73. A viral vector comprising an enhancer polynucleotide sequence selected from SEQ ID NO 48 or SEQ ID NO 49 or functional portions thereof, wherein said vector specifically targets cells expressing Pthlh.

74. A viral vector comprising an enhancer polynucleotide sequence selected from SEQ ID NO 15 to 49 or a functional portion thereof, wherein said vector specifically targets PV-expressing cells.

75. The viral vector of any one of claims 65 or 67 to 74, wherein the target cell is a neuronal cell expressing PV.

76. The viral vector of any one of claims 65-75, wherein the viral vector is a recombinant adeno-associated virus (rAAV) vector.

77. A viral particle or viroid-like particle comprising the viral vector according to any one of claims 65 to 76.

78. A cell comprising the viral vector of any one of claims 65-76.

79. A cell comprising the viral particle or virus-like particle of claim 77.

80. A pharmaceutical composition comprising a viral vector according to any one of claims 65 to 76, or a viral particle or virus-like particle according to claim 77, and a pharmaceutically acceptable vehicle, carrier or diluent.

81. A method of limiting expression of a transgene within a neuronal cell of a subject, the method comprising administering to the subject a delivery vector comprising at least one enhancer element polynucleotide comprising the sequence of SEQ ID NOs 15 to 49 and a transgene polynucleotide, wherein the transgene is specifically expressed in the neuronal cell.

82. The method of claim 81, wherein said transgene is SCN 1A.

83. The method of claim 82, wherein the neuronal cell is a parvalbumin expressing cortical interneuron (PV cIN).

84. The method according to claim 82 or 83, wherein the enhancer element polynucleotide comprises the sequence in SEQ ID NO 15 to 18 or SEQ ID NO 21 to 24.

85. The method of claim 82, wherein the neuronal cell is a Pyramid (PYR) cell.

86. The method according to claim 85, wherein the enhancer element polynucleotide comprises the sequence of SEQ ID NO 19.

87. The method of claim 82, wherein the neuronal cell is a cortical interneuron expressing Vasoactive Intestinal Peptide (VIPCIN).

88. The method according to claim 87, wherein the enhancer element polynucleotide comprises the sequence of SEQ ID NO. 20.

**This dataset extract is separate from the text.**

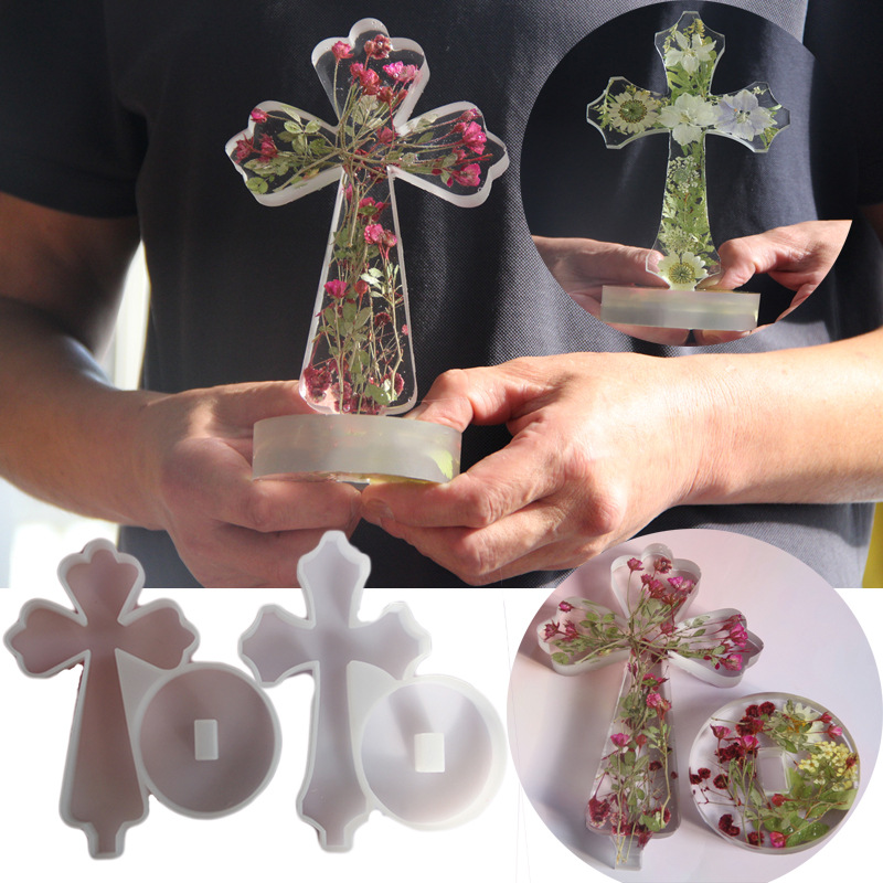 新しいクロスオーナメント接着剤モールドクリエイティブ大型分割クロスベースオーナメントアロマセラピーシリコンモールド

89. The method of any one of claims 81-88, wherein the delivery vector is a lentiviral vector or a rAAV.

90. The method of claim 89, wherein the delivery vehicle is administered to the brain.

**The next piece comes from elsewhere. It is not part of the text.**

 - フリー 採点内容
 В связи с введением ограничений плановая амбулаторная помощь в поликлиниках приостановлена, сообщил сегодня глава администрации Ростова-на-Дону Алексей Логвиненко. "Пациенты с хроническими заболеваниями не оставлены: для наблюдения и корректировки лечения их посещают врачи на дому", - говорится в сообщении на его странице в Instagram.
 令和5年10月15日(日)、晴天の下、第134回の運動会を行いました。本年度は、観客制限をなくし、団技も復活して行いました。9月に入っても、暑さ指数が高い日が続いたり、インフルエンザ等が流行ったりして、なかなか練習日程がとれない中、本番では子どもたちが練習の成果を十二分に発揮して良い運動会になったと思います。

91. The method of claim 90, wherein the delivery vehicle is administered locally or systemically.

92. The method of any one of claims 81-91, wherein the subject is a mammal.

93. The method of claim 92, wherein the subject is a human.

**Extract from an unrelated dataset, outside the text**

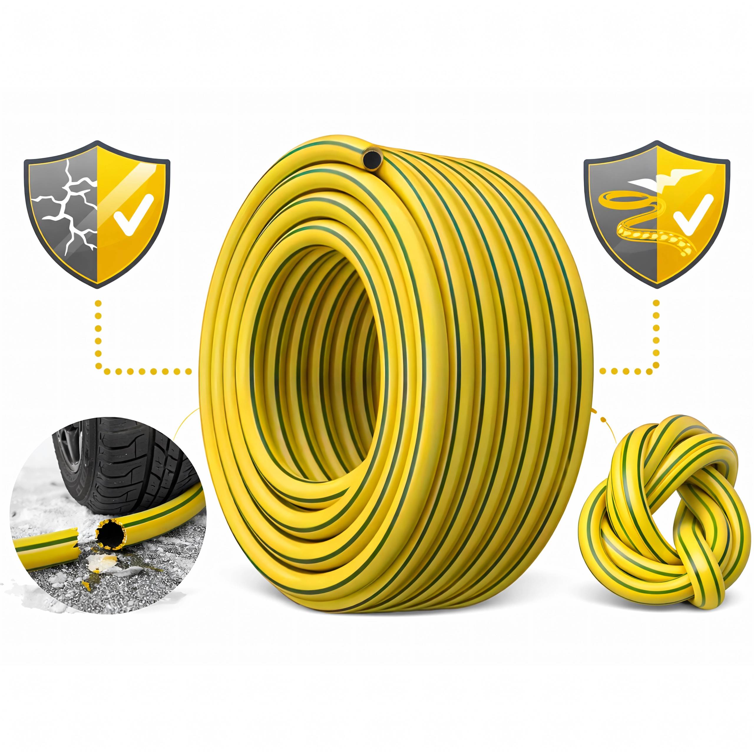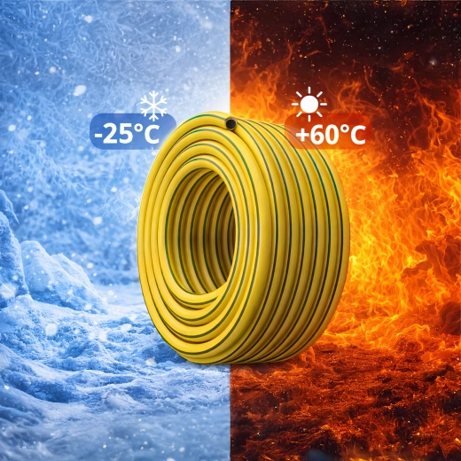 Hadice je kompatibilní s běžnými rychlospojkami 1/2", takže ji bez potíží připojíte k postřikovači, pistoli nebo zahradnímu kohoutu. Jasně žluté provedení zvyšuje viditelnost na trávníku a snižuje riziko poškození při práci.
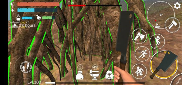 2、开始游戏后我们就需要不断的寻找各种资源让我们在这里世界上活下去,周围看到有用的就可以去获取,比如一些草药、树木等等;

94. A viral vector comprising a human enhancer polynucleotide sequence selected from SEQ ID NO 15 to 49.

95. The viral vector of claim 94, which is a recombinant adeno-associated virus (rAAV) vector.

96. A viral particle or viroid-like particle comprising the viral vector according to claim 94 or 95.

97. A cell comprising the viral vector of claim 94 or claim 95.

98. A cell comprising the viral particle or virus-like particle of claim 96.

99. A pharmaceutical composition comprising a viral vector according to claim 94 or 95, or a viral particle or virus-like particle according to claim 96, and a pharmaceutically acceptable vehicle, carrier or diluent.